Do you think is possible to pass some extra arguments from terra::rast() to GDAL that make it work?

Schuch666 avatar Apr 15 '25 21:04 Schuch666

Can you post actual urls to the files you use, is that possible? (I know it needs earthdata auth set, but that's available via .netrc or with GDAL_HTTP_HEADERS, and other ways that we can set with terra::setGDALconfig).

In general I would put these subdatasets through the warper, but with terra you can't let GDAL determine the output grid by heuristics, you have to back and forth a bit to get that. (I'm piping up because I was chatting with someone at NASA using these files and looking to work with them a bit).
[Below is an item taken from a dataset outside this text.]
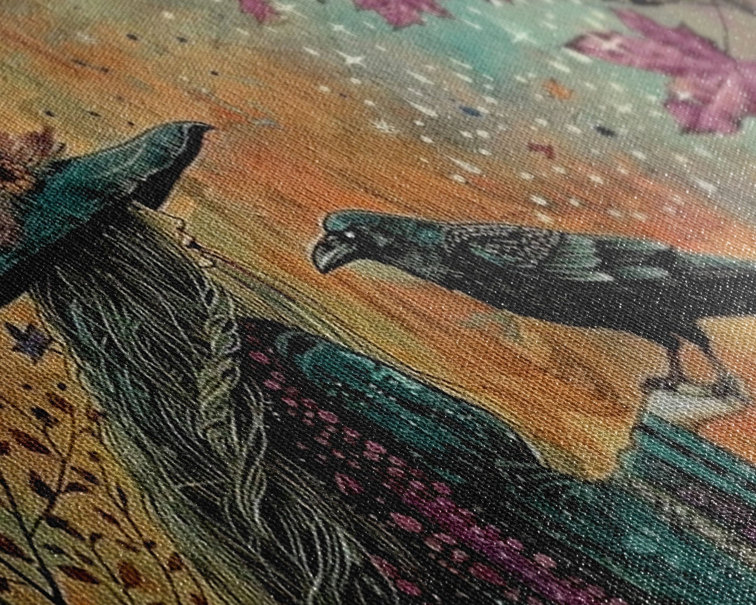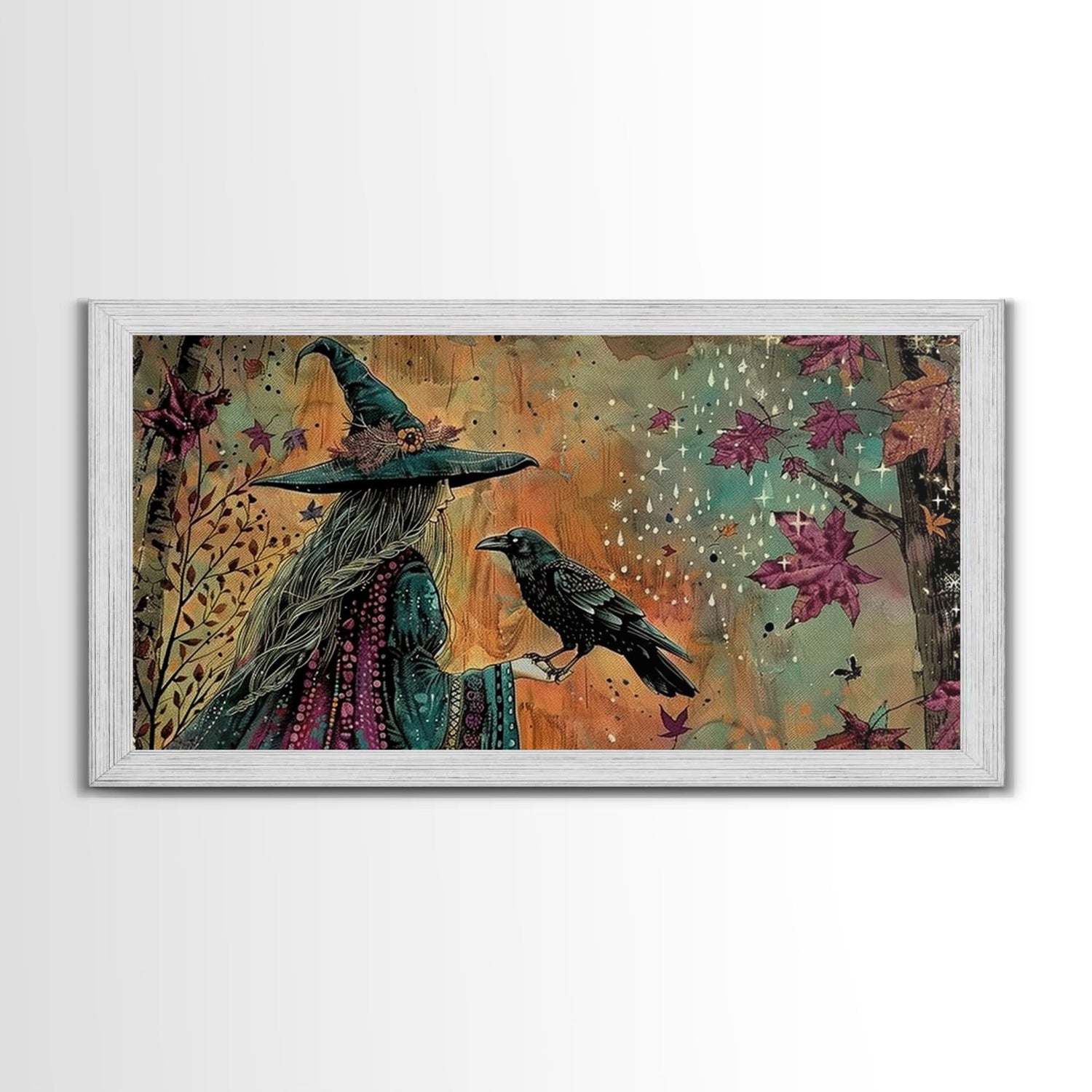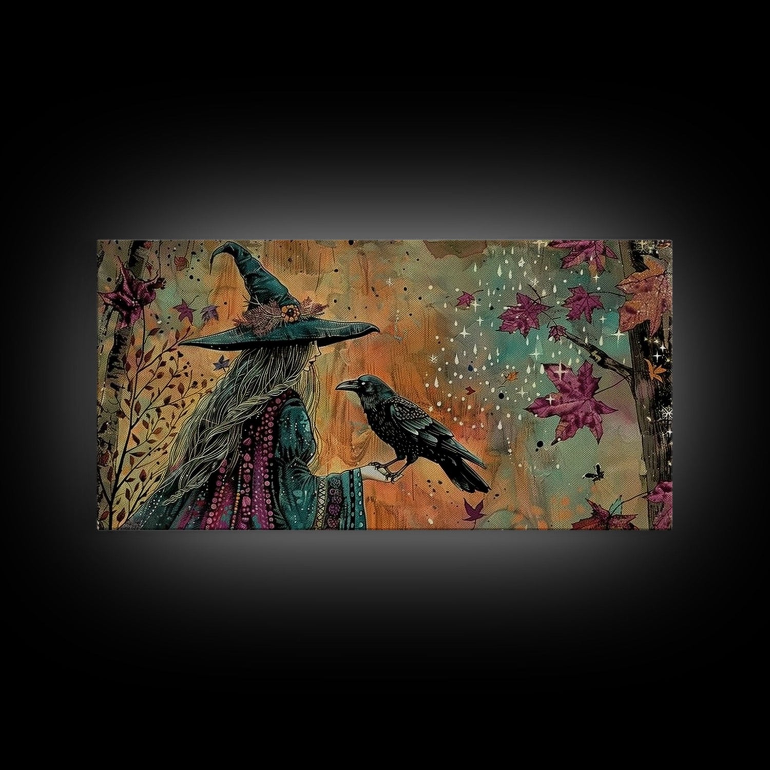 The Witch and The Raven Familiar, Framed Canvas Print, Halloween Gift, Halloween Props, Halloween Wall Art

mdsumner avatar May 18 '25 07:05 mdsumner

oh no, sorry what I said was noise ... I see they aren't even model grids it's just messy degenerate rectlinear lon lat 1D arrays. nvm, what @rhijmans said was right, just detect their range and use that to register the extent in longlat

It's the same situation as we laid out in this pangeo post that GHRSST suffers from: https://discourse.pangeo.io/t/fixing-ghrsst-seeking-opinions/3833/7

I'll explore a bit and register this in GDAL itself as a case to detect or provide easy workarounds

mdsumner avatar May 18 '25 07:05 mdsumner

I was unable to use the authorization mechs in the usual way ... I think GDAL would want a url like

/vsis3/asdc-prod-protected/TEMPO/TEMPO_CLDO4_L3_V03/2025.05.16/TEMPO_CLDO4_L3_V03_20250516T235813Z_S016.nc'

I'll report back when I figure this out. Happy to pursue specific questions if that's of interest, but I certainly will be getting some helpers to smooth this out, and relate those GDAL-perspectives on to other Python colleagues.
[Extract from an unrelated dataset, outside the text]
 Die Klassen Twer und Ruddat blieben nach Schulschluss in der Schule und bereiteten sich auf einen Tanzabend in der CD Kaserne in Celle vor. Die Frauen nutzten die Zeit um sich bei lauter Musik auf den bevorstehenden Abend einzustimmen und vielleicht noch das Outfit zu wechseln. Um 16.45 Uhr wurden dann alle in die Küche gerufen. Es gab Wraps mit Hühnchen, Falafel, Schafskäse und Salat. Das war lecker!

mdsumner avatar May 18 '25 09:05 mdsumner

This works better with the new and experimental multi-dim GDAL interface.

library(terra)
#terra 1.8.53
f <- "TEMPO_NO2_L3_V03_20250526T181530Z_S010.nc"     
x <- rast(f, "/product/vertical_column_troposphere", drivers="HDF5", md=TRUE)
x
#class       : SpatRaster 
#size        : 2950, 7750, 1  (nrow, ncol, nlyr)
#dimensions  : longitude, latitude, time (7750, 2950, 1}
#resolution  : 0.02, 0.02  (x, y)
#extent      : -168, -13, 14, 73  (xmin, xmax, ymin, ymax)
#coord. ref. : lon/lat WGS 84 (CRS84) (OGC:CRS84) 
#source      : TEMPO_NO2_L3_V03_20250526T181530Z_S010.nc 
#varname     : /product/vertical_column_troposphere (troposphere nitrogen dioxide vertical column) 
#name        : vertical_column_troposphere-1 
#unit        :                molecules/cm^2 
#time        : 2025-05-26 18:15:48 UTC 

Note the use of "driver=HDF5". For this file that is important because it speeds up reading the values (I do not know why). Sampling values is still very slow. So currently, the best way to plot these data would be to do

plot(x * 1)

rhijmans avatar May 28 '25 18:05 rhijmans

That's sound great!

I'm trying to use the same command here: x <- rast(f, "/product/vertical_column_troposphere", drivers="HDF5", md=TRUE) but I'm got this error Error: [rast (multi)] cannot read multidim from this file or with this driver

But now is working without 'HDF5'!!

x <- rast(f, "/product/vertical_column_troposphere", md=TRUE)
#class       : SpatRaster 
#size        : 2950, 7750, 1  (nrow, ncol, nlyr)
#dimensions  : longitude, latitude, time (7750, 2950, 1}
#resolution  : 0.02, 0.02  (x, y)
#extent      : -168, -13, 14, 73  (xmin, xmax, ymin, ymax)
#coord. ref. : lon/lat WGS 84 (CRS84) (OGC:CRS84) 
#source      : TEMPO_NO2_L3_V03_20250528T191514Z_S011.nc 
#varname     : /product/vertical_column_troposphere (troposphere nitrogen dioxide vertical column) 
#name        : vertical_column_troposphere-1 
#unit        :                molecules/cm^2 
#time        : 2025-05-28 19:15:32 UTC

but my plot(x) did work in my laptop (my R session stalls), tomorrow I will try on a desktop with more memory

Schuch666 avatar May 29 '25 02:05 Schuch666

Do I need to update other components to make 'HDF5' work? I did the update for the R-packages Rcpp from CRAN and last terra from github

Schuch666 avatar May 29 '25 02:05 Schuch666

Nice use of mdim 🙏 fwiw I found some benefit for some datasets by casting from multidim to 2D, because mdim understands relationships between groups better than 2D parts of the drivers. Implemented as vrt:// connection arg transpose for 3.12:

https://gdal.org/en/latest/drivers/raster/vrt.html#vrt-connection-string

mdsumner avatar May 29 '25 02:05 mdsumner

I Just did a quick test on a computer with more memory (64GB) and Rstudio is taken a few minutes to plot(x) after using rast() with the option md=TRUE

But to plot(x) using both drivers="HDF5", md=TRUE, RStudio is stalled (I don't see a impact on memory, disks or processing)

Schuch666 avatar Jun 03 '25 22:06 Schuch666

On 28 March, @rhijmans wrote:

I need to investigate this a bit more, but this is probably because the file does not follow the CF standard.

The NO2 file is fine and follows the CF Metadata Conventions. The root group defines the coordinate variables (CVs) "longitude", "latitude" and "time" and the data variable "weight". All other data variables are located in subgroups like "product" and refer to the CVs in the root group. This is all ok. It appears that the GDAL standard netCDF driver does not find the CVs of data variables if they are not located in the same group.

pvanlaake avatar Aug 14 '25 09:08 pvanlaake